Un’ immagine scolpita nella mente e descritta anche in una mail inviata alla newsletter del Coordinamento della campagna Bds italiana (Boicottaggio, disinvestimento, sanzioni). ”Vittorio, amico e compagno, e’ morto”, e’ l’incipit del suo messaggio. Ma subito dopo Silvia cambia discorso e insiste per ricordare chi era Arrigoni e cosa ha fatto: ”Vorrei soprattutto che la gente sapesse, o ricordasse, tutto quello che ha fatto in Palestina – elenca – Sono dieci anni che lavorava nella West bank, dal 2008 era a Gaza, ha lottato assieme ai contadini perche’ potessero continuare a coltivare le loro terre, poi con i pescatori. E’ finito anche nelle prigioni israeliane ma non ha mai smesso di crederci e martedi’ ci siamo visti a un incontro su un progetto per il monitoraggio delle violazioni dei diritti umani da parte di Israele contro i pescatori”.

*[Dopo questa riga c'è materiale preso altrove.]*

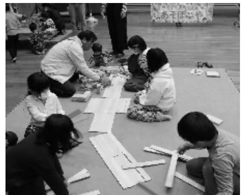
大人も子供も夢中です
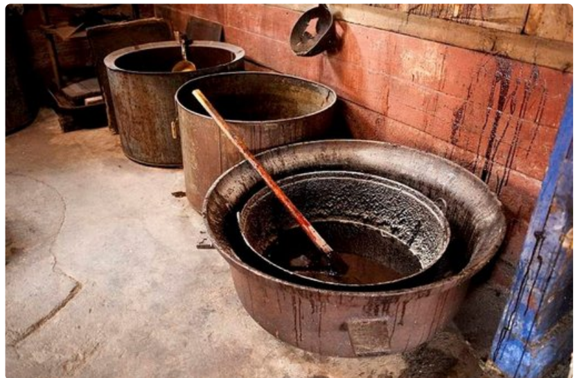
Kalanmaksäöljy oli mustaa mönjää 150 vuotta sitten. Paikalliset uskoivat, että mitä pahempaa, sen tehokkaampaa.
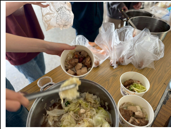
圖(一)藥膳排骨、茶葉蛋
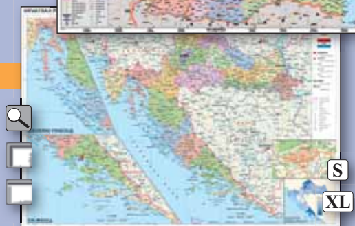
▲ 89318 Horvátország közigazgatása
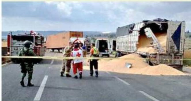
■ El tercer percance se dio en la Autopista GDL-Zapotlanejo; tres vehículos chocaron y una persona resultó herida.
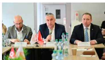
▲ Комбинат всегда участвовал в развитии горда и сейчас не стоит в стороне

В ходе беседы стороны обсудили вопросы доступности узких специалистов, организацию круглосуточной работы травмпункта, закупки медоборудования и лекарств, а также льготы молодым медикам.
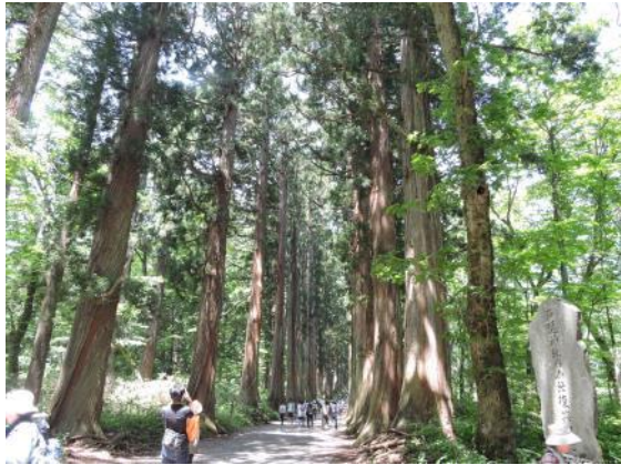
奥社へ続く杉の参道
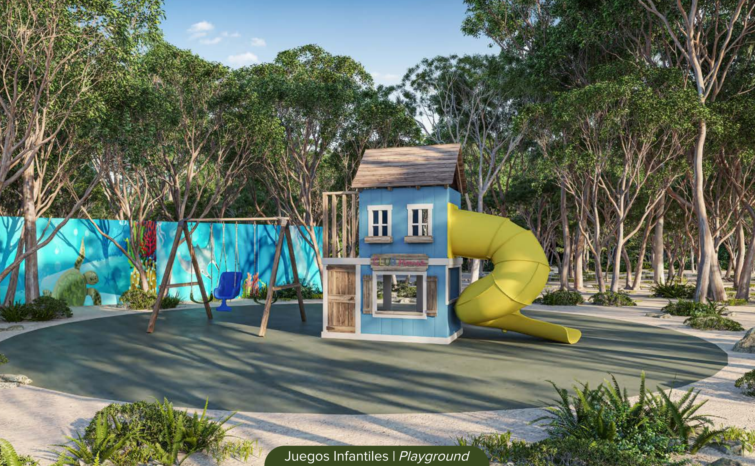
Juegos Infantiles | Playground
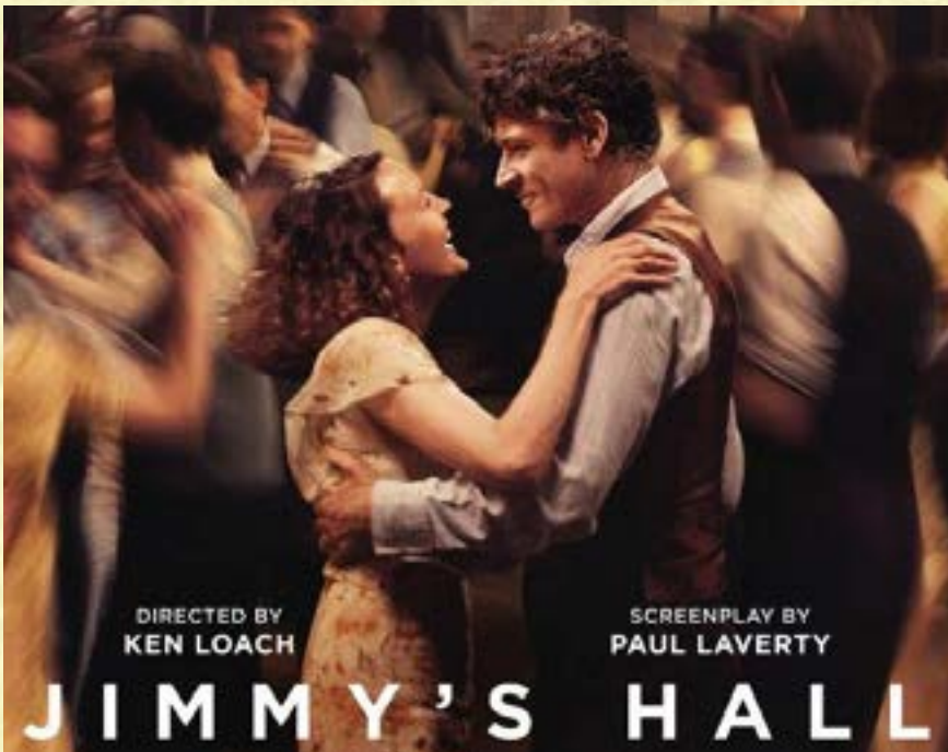
Halo de Gímio, de Ken' Louč' p. 33
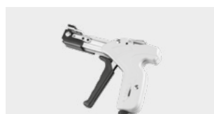
ZACISKARKA DO OPASEK STALOWYCH
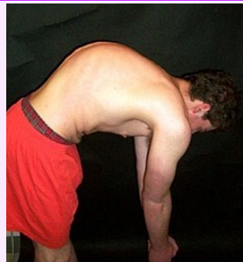
Pacient s Scheuermannovou chorobou

A breve avrebbe dovuto tornare in Italia, un viaggio sempre rinviato. ”Da un mese diceva che doveva partire ma poi non partiva mai. Gaza era ormai la sua seconda casa”. Da quello che ha ricostruito finora l’Ism, le ultime ‘tracce’ di Vittorio risalgono a mercoledi’ sera. ”Era andato in palestra e poi aveva chiamato una trattoria gestita da amici a Gaza city per prenotare un tavolo verso le 22 – racconta Silvia – ma non e’ mai arrivato. Cosi’ mezz’ora dopo dalla trattoria l’avevano richiamato, ma il suo cellulare era spento”.
Ieri verso le 20 i primi dubbi. ”Un giornalista palestinese ci ha detto che girava voce che Vittorio era stato rapito – continua la volontaria – All’inizio non gli ho creduto ma poi abbiamo visto il video su Youtube”. Nel frattempo nella sede del Movimento cominciava il viavai di palestinesi, gente comune o associazioni, in cerca di notizie. ”Stanotte attraverso Twitter abbiamo saputo che era morto e siamo corse all’ospedale Shifa. Ma qui dei palestinesi, non so se poliziotti, ci hanno portato nell’appartamento per il riconoscimento”. Ora pero’ c’e’ da pensare al rientro della salma in Italia. ”Speriamo possa tornare dall’Egitto e non da Israele. Mai e poi mai avrebbe voluto passare da li”.